Melangkah (Seorang Putra yang Diseleksia)


                         
Kau tidak normal. Dan kau membenci pesan tersembunyi di balik setiap deret huruf. Kau membencinya karena kau tak akan pernah berhasil memecahkan teka-teki deret huruf tersebut. Kau membencinya karena kau selalu menemukannya tiap kali kakimu menapak. Huruf menyerupai tanah. Huruf menyerupai udara. Huruf menyerupai air. Ketika kau sedang berada di puncak kebencian, kau tahu benar berarti kau juga sedang membenci kehidupan.
            Semua benda yang bergerak adalah huruf.
            Gravitasi adalah huruf.
            Film-film adalah huruf.
            Kau seringkali memimpikan huruf-huruf raksasa yang tak kau pahami tapi kau mengerti mereka mengejarmu untuk memakanmu. Kau berlari menghindari huruf-huruf gempal yang terbuat dari kapas berlapis beludru warna-warni. Mereka mainan masa kecilmu yang kau buang ke tempat sampah, gudang belakang rumah, kolong meja dan tempat tidur. Kau berlagak tak membutuhkannya karena kau merasa sudah cukup adil memperlakukan mereka dengan kebencianmu yang sungguh dalam. Kau pikir mereka juga membencimu, bahkan sebelum kau membenci mereka. Dan tak ada niatan untuk berbaikan. Tak ada niatan untuk menguji seberapa tangguhnya dirimu lagi bersanding dengan mereka.

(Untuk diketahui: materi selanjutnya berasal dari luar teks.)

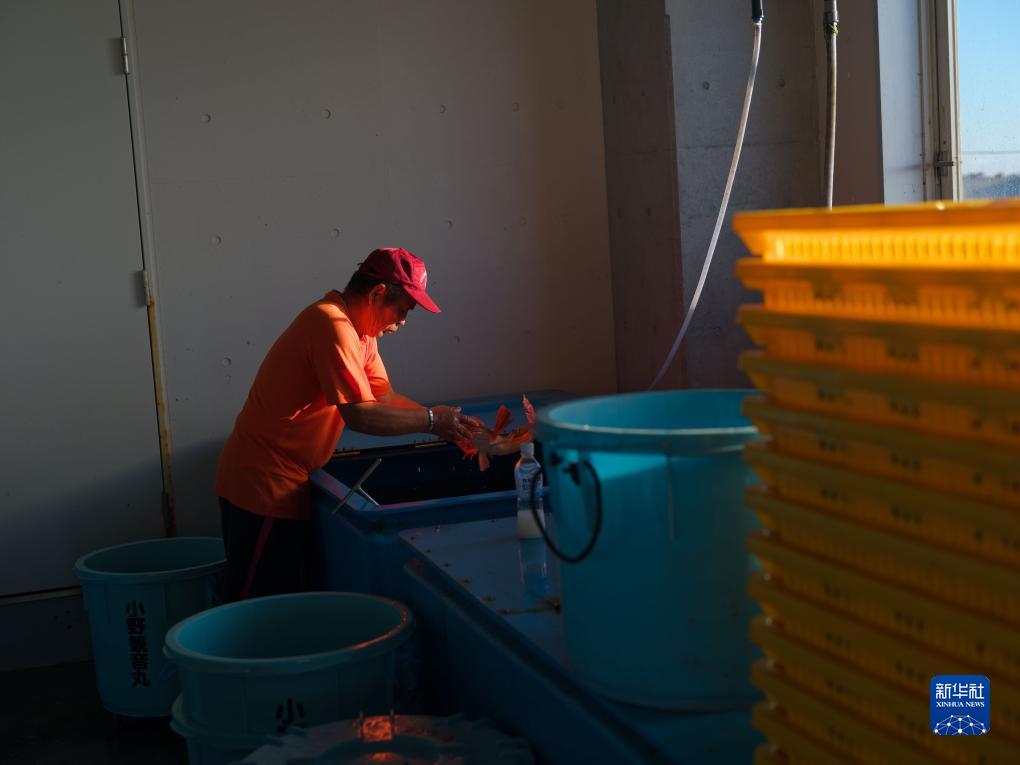8月23日,打渔归来的小野春雄在日本福岛县新地町的渔港处理捕获的鱼。新华社记者 张笑宇 摄
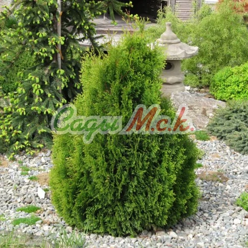 Туя западная Miky - карликовый хвойный кустарник с ширококонической формой. Растет медленно, по 8 см в год. В 10 лет достигает 1 м в высоту, в 20 лет высота 1,6-2 м диаметр кроны 1 м. Хвоя нежная, темно-зеленая, блестящая. Сорт предпочитает солнечные места.
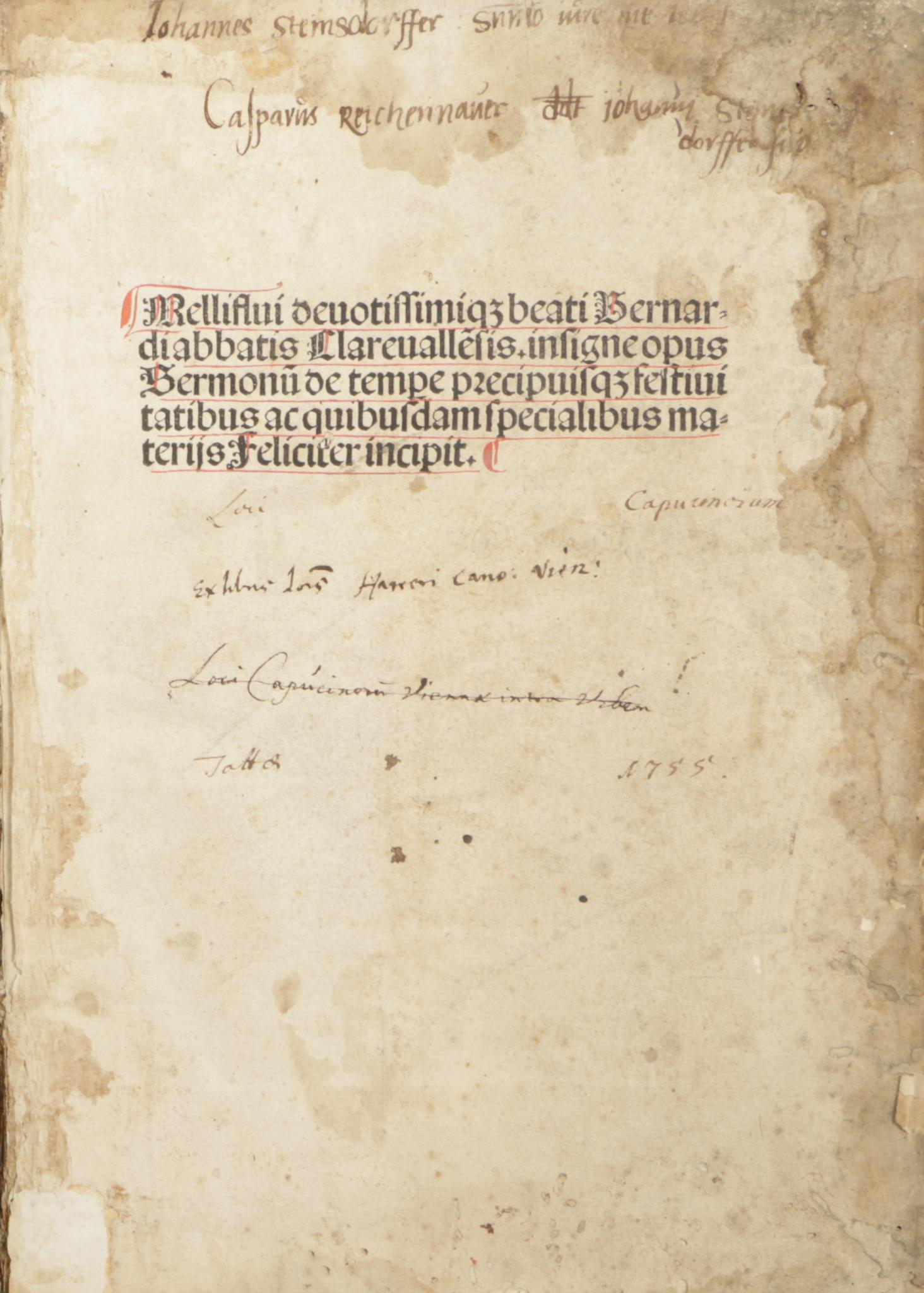 Basileae, 1495. Nicolaum Kesler.Melliflui deuotissimiq[ue] beati Bernardi abbatis Clareualle[n]sis. insigne opus Sermonu[m] de temp[or]e precipuisq[ue] festiuitatibus ac quibusdam specialibus materijs Feliciter incipit

            Ibumu sudah berhenti memaksamu untuk membaca. Tapi kau menangkap matanya senantiasa memburumu dan berharap : Bacalah, bacalah, bacalah!  Pelukannya yang cuma-cuma terasa begitu rapuh. Wajahnya datar, terkadang memelas. Ia tak pernah lagi marah padamu, tak juga bersikap terlalu manis. Kau merasa ibumu berusaha keras menahan diri untuk tak memaksamu melakukan hal-hal yang tak kau kehendaki. Meskipun itu baik bagi dirimu? Mungkin. ibumu hanya sekali-kali mengucap kata ’jangan’ atau ’tolong hentikan’ selebihnya ibu hanya tersenyum dan mengawasimu diam-diam lewat mata ayamnya. Mata ayam – yang kau rasa adalah salah satu bentuk sikap antisipatif ibu agar di matamu dirinya tak akan pernah lagi bertindak terlalu protektif dan agar terbangun dalam dirimu kepercayaan diri yang sekuat beton. Kau bisa hidup bahkan tanpa huruf sekalipun.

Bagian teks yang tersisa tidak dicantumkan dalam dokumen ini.